Start of Block
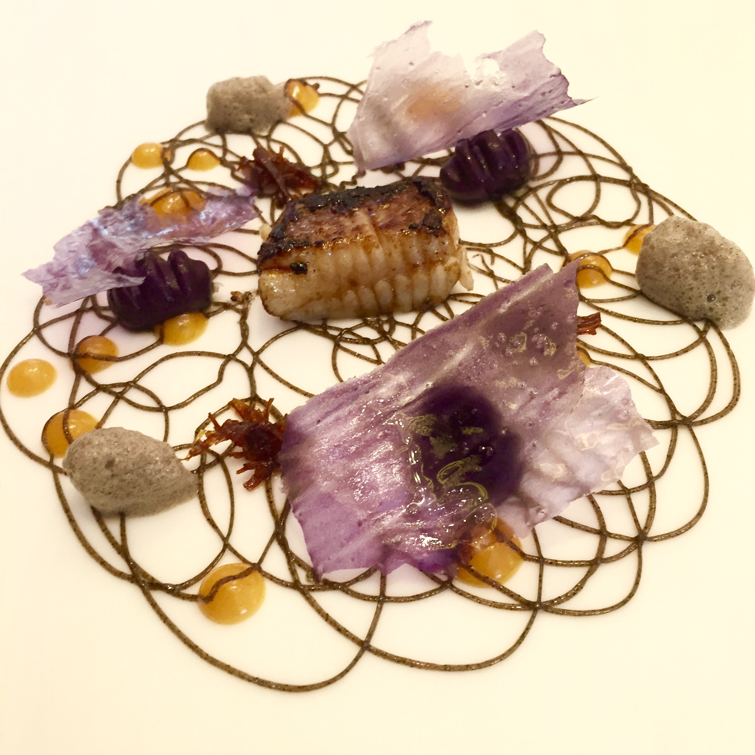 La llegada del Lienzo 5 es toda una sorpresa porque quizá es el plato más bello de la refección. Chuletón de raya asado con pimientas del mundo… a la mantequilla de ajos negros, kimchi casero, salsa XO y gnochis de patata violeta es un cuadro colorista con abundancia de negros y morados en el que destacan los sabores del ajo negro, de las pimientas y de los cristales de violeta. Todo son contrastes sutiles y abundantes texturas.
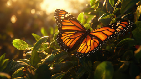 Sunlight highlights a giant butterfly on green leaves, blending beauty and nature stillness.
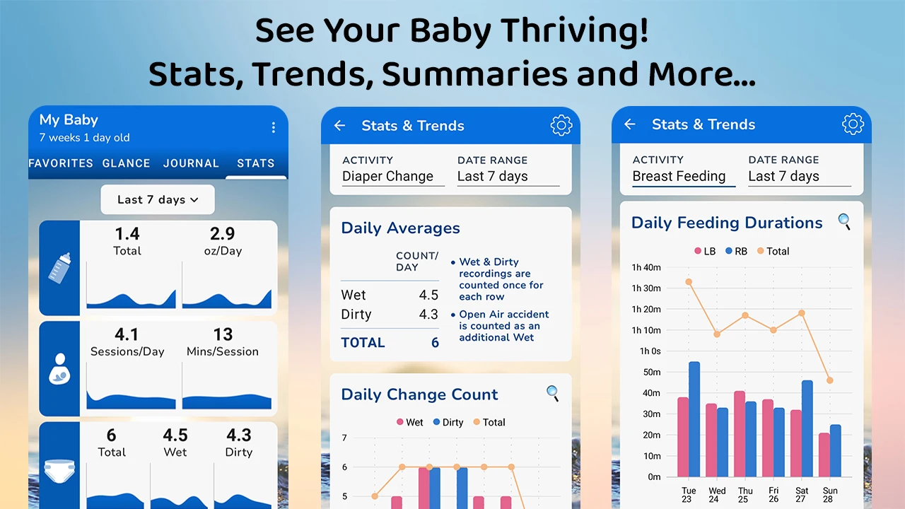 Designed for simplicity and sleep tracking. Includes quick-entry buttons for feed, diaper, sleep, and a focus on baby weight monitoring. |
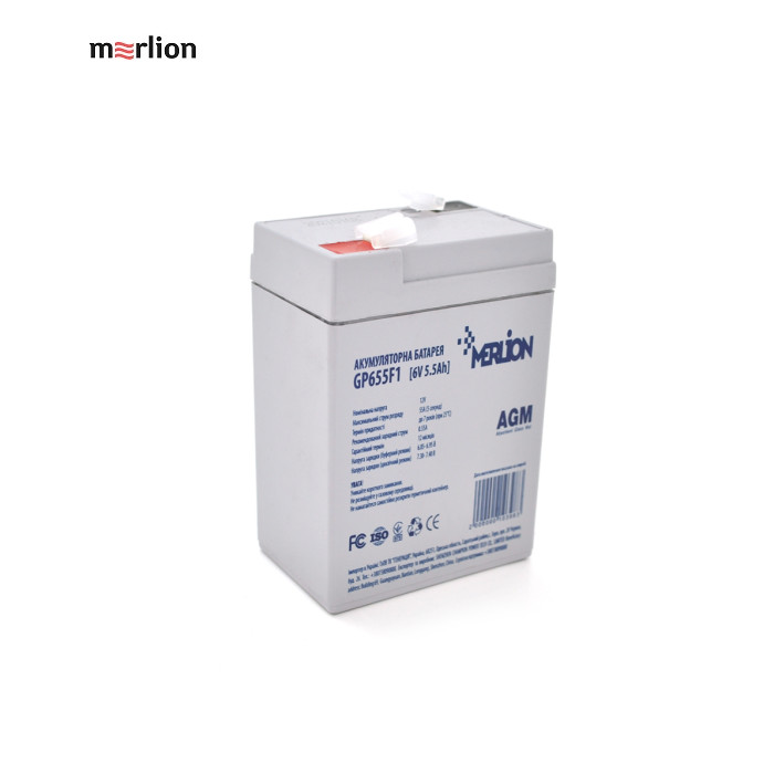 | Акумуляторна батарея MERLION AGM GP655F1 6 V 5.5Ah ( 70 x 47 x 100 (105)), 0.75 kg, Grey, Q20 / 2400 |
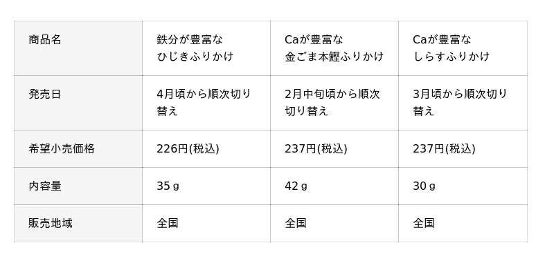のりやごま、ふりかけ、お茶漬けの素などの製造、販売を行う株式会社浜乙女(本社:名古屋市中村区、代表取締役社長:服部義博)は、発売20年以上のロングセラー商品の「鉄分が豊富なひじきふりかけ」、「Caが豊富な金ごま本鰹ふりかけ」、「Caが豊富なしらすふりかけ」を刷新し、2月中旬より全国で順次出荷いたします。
End of Block
Start of Block
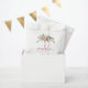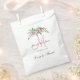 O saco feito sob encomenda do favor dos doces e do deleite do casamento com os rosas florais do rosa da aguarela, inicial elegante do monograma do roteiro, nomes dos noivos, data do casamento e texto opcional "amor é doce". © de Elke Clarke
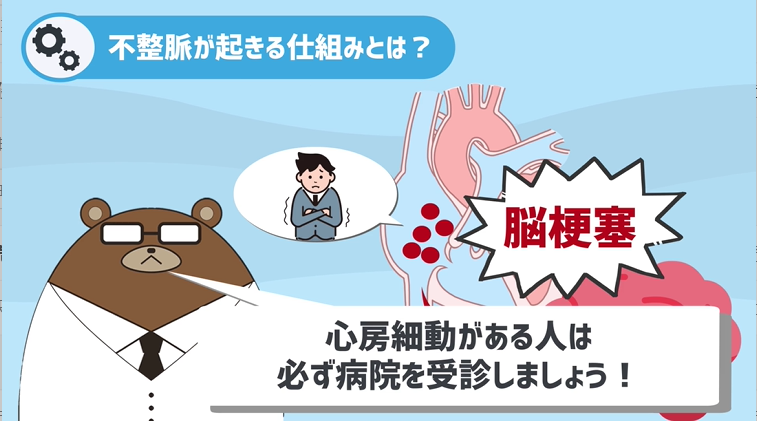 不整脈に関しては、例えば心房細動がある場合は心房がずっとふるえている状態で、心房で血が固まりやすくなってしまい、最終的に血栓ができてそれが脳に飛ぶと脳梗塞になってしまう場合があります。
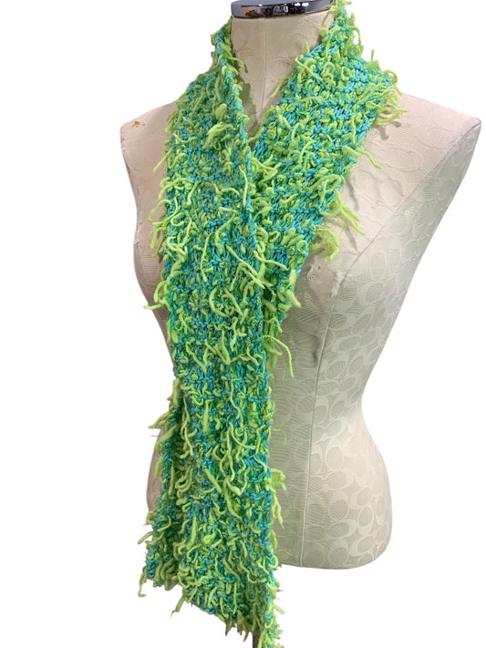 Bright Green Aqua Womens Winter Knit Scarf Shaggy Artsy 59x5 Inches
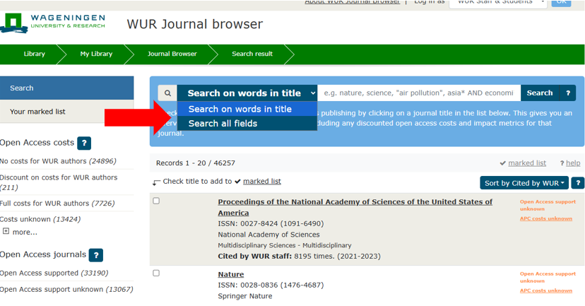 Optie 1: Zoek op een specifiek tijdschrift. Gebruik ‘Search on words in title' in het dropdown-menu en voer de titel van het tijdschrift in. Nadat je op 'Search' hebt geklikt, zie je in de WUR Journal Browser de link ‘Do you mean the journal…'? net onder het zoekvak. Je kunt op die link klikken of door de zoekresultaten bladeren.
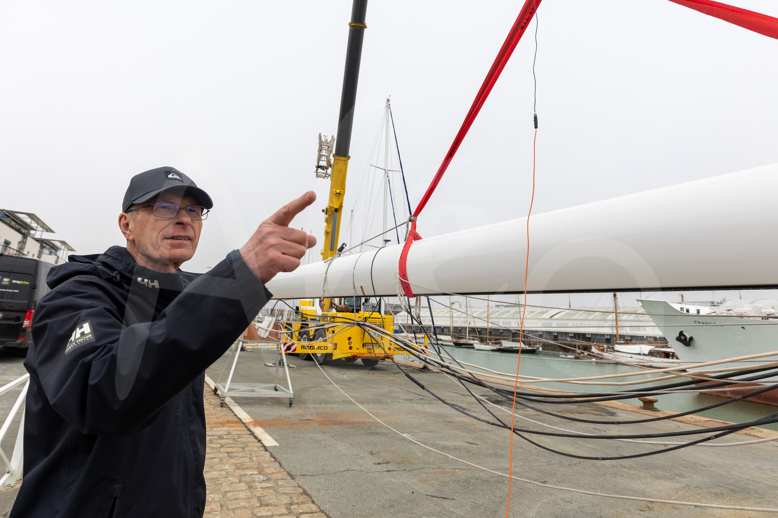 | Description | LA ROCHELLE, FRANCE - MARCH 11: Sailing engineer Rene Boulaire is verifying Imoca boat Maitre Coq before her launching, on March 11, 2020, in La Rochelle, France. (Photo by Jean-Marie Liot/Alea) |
End of Block
• **Task item**:
Write out word for word the lines above that run from the one with "Sunlight highlights a" to the one with "のりやごま、ふりかけ、お茶漬". Include both end lines; exclude the images.

• **Result of the exercise**:
 Sunlight highlights a giant butterfly on green leaves, blending beauty and nature stillness.
 Designed for simplicity and sleep tracking. Includes quick-entry buttons for feed, diaper, sleep, and a focus on baby weight monitoring. |
 | Акумуляторна батарея MERLION AGM GP655F1 6 V 5.5Ah ( 70 x 47 x 100 (105)), 0.75 kg, Grey, Q20 / 2400 |
のりやごま、ふりかけ、お茶漬けの素などの製造、販売を行う株式会社浜乙女(本社:名古屋市中村区、代表取締役社長:服部義博)は、発売20年以上のロングセラー商品の「鉄分が豊富なひじきふりかけ」、「Caが豊富な金ごま本鰹ふりかけ」、「Caが豊富なしらすふりかけ」を刷新し、2月中旬より全国で順次出荷いたします。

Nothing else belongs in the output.